Chen Yanke, Gou Xingchun, Kong Derek Kai, Wang Xiaofei, Wang Jianhui, Chen Zeming, Huang Chen, Zhou Jiangbing
Experiment Center of Biomedical Research School of Medicine, Xi'an Jiaotong University, Xi'an 710061, P. R. China.
Department of Neurosurgery, Yale University, New Haven, CT 06511, USA.
Oncotarget. 2015 Oct 20;6(32):32575-85. doi: 10.18632/oncotarget.5331.

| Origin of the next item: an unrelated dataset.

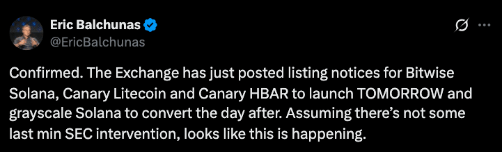 据彭博社分析师Eric Balchunas透露,交易所已发布公告,最早将于周二(10月28日)开启交易。

EMMPRIN, a cell adhesion molecule highly expressed in a variety of tumors, is associated with poor prognosis in cancer patients. Mechanistically, EMMPRIN has been characterized to contribute to tumor development and progression by controlling the expression of MMPs and VEGF. In the present study, by using fluorescently labeled bone marrow-derived cells (BMDCs), we found that the down-regulation of EMMPRIN expression in cancer cells reduces tumor growth and metastasis, and is associated with the reduced recruitment of BMDCs. Further protein profiling studies suggest that EMMPRIN controls BMDC recruitment through regulating the secretion of soluble factors, notably, VEGF and SDF-1. We demonstrate that the expression and secretion of SDF-1 in tumor cells are regulated by EMMPRIN. This study reveals a novel mechanism by which EMMPRIN promotes tumor growth and metastasis by recruitment of BMDCs through controlling secretion and paracrine signaling of SDF-1 and VEGF.
细胞外基质金属蛋白酶诱导因子(EMMPRIN)是一种在多种肿瘤中高表达的细胞黏附分子,与癌症患者的不良预后相关。从机制上讲,EMMPRIN的特征在于通过控制基质金属蛋白酶(MMPs)和血管内皮生长因子(VEGF)的表达来促进肿瘤发展和进展。在本研究中,通过使用荧光标记的骨髓来源细胞(BMDCs),我们发现癌细胞中EMMPRIN表达的下调会减少肿瘤生长和转移,并与BMDCs募集的减少有关。进一步的蛋白质谱研究表明,EMMPRIN通过调节可溶性因子(特别是VEGF和基质细胞衍生因子-1(SDF-1))的分泌来控制BMDCs的募集。我们证明肿瘤细胞中SDF-1的表达和分泌受EMMPRIN调节。本研究揭示了一种新机制,即EMMPRIN通过控制SDF-1和VEGF的分泌及旁分泌信号募集BMDCs,从而促进肿瘤生长和转移。